Выходя из тени. Солнцева без Довженко

 

Приступая к написанию текста о творчестве Юлии Солнцевой, испытываешь предельно ясное чувство неловкости – причина её состоит в том, что происходит постоянное мерцание мысли, которая пытаясь осознать фильмы Солнцевой, двоится, перебегает от неё к Александру Довженко.

 

Это некий лингвистический эффект близнецов, когда поименовывая Кастора, невозможно не вспомнить и Полидевка. И в этом заключена двойная ловушка мысли: действительно, можно размышлять о фильмах Солнцевой, выводя Довженко за скобки – но если эта невозможная математическая операция и окажется удачной, она приведёт к размышлениям лишь о какой-то нецелостности, от которой грубо и бесцеремонно оторван некоторый важный пласт жизни и творчества Юлии Ипполитовны; размышлять о Солнцевой вместе с Довженко – с его страстью, яростью и нежностью – значит превращать её в спутник, в Солнце при огромной Луне, которая отбрасывает на неё долгую тень, затмевая.

Наверное, правильней будет сторониться этих двух крайностей. Здесь нужно держаться в стороне от общих мест, вроде навязчивого «Солнцева – жена Довженко», воспользовавшись замечательной метафорой, которая была применена в отношении творчества Арсения Александровича и Андрея Арсеньевича Тарковских: «У них была единая кровеносная система». Пара «Довженко – Солнцева» – это пара с единой кровеносной системой, подобная парам Жана-Мари Штрауба и Даниэль Юйе, Джона Кассаветеса и Джины Роулендс, Жана-Люка Годара и Анн-Мари Мьевиль.

Но раз уж мысль мерцает, не находя успокоения, нужно воспринимать это как данность. Несомненно, некоторые астрономические явления происходили – такой гигант, как Александр Довженко, конечно же, отбрасывал густую тень на Юлию Солнцеву (возникает чувство, что псевдоним «Солнцева» Юлия Ипполитовна Пересветова взяла для того, чтобы побеждать тень, хотя и в фамилии «Пересветова» уже присутствовала огромная сила света). Грустно другое: многие критики, как астрономы в приступе поиска сенсационного открытия, сделали эту тень Довженко более густой, чем она была. Грубо говоря, Солнцеву задвинули в тень Довженко.

 

 

Но, например, ситуация в сообществе французских кинокритиков была совершенно иной, чем среди критиков Советского Союза – во Франции не складывали общую картину, основанную на желании построения иерархии, в которой Довженко был поставлен выше Солнцевой. Так Жак Риветт, участвуя в «Совете Десяти» (Le conseil des dix), ставит беспрецедентную оценку фильму Юлии Солнцевой «Повесть пламенных лет» – «четыре звезды» [1]; кроме этого фильма Солнцевой «четыре звезды» Риветт ставит работам Николаса Рэя, Ланга, Ташлина (ещё одна риветтовская «странность» для любителей киноиерархий), Бергмана, Годара, Хоукса, Брессона, Росселлини, а «три звезды» из советских режиссёров достаются фильмам Марка Донского (Бондарчук с «Судьбой человека» и Тарковский с «Ивановым детством» удостоились всего одной). «Повесть пламенных лет» и «Зачарованная Десна» входят в список лучших фильмов «Кайе дю синема» за 1962 и 1965 годы соответственно.

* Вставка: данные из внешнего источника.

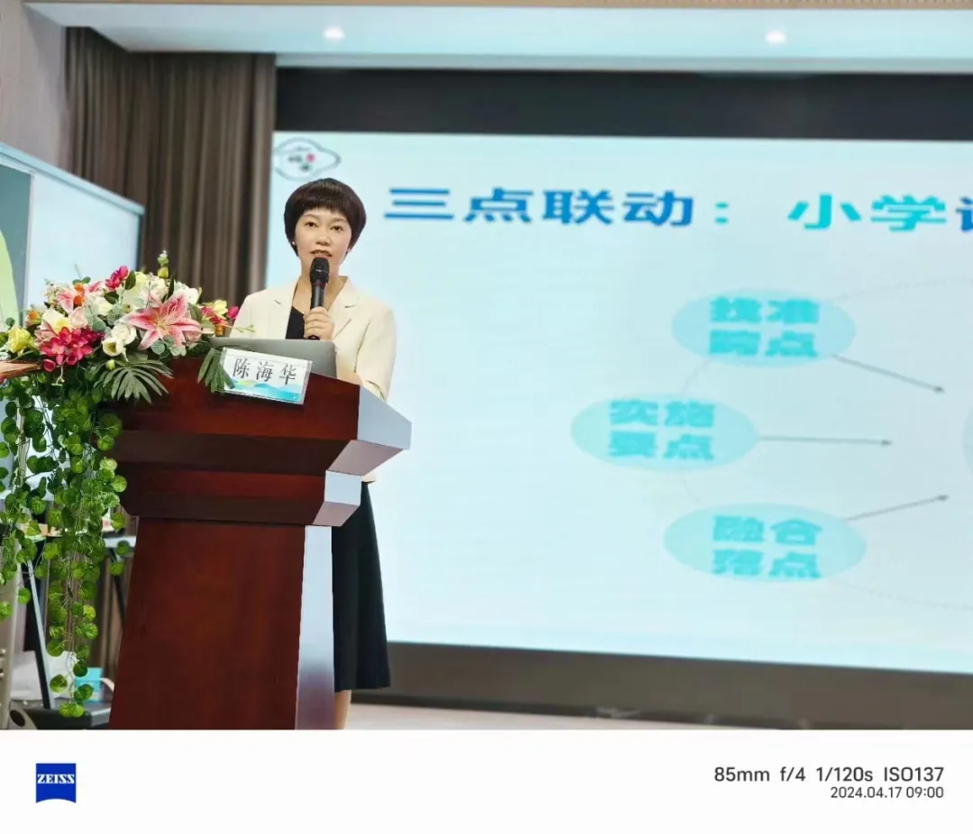 活动伊始,工作室主持人、市实验小学教科室主任陈海华老师带来了以《三点联动:小学语文跨学科学习的设计与实施》为题的主旨报告。陈老师以“1+3”项目化学习实施的实小样态为例,提出在实践跨学科学习时教师需要找准“跨点”,提炼学习主题;实施“要点”,项目驱动,展开学习活动;确定好“落点”后,将其与之融合,将评价可视化、专业化以及全程化。

Несомненно, успех фильмов Солнцевой у французских кинокритиков (каннский лауреат «Поэма о море» (приз за режиссуру) также получила «четыре звезды» в «Совете Десяти») может ничего и не означать, хотя именно они попытались вернуть в поле размышлений о советском кинематографе Бориса Барнета, Фридриха Эрмлера, Александра Медведкина и Александра Мачерета. Но всё же существующие факты свидетельствуют о том, что творчество Солнцевой при беспристрастном рассмотрении и отсутствии жаркого желания выстроить иерархию не может рассматриваться в виде некоего «бонуса» или – мерзкое, почти медицинское сравнение – «придатка» к творчеству Александра Довженко. И даже без оглядки на критиков «Кайе» это несомненно так.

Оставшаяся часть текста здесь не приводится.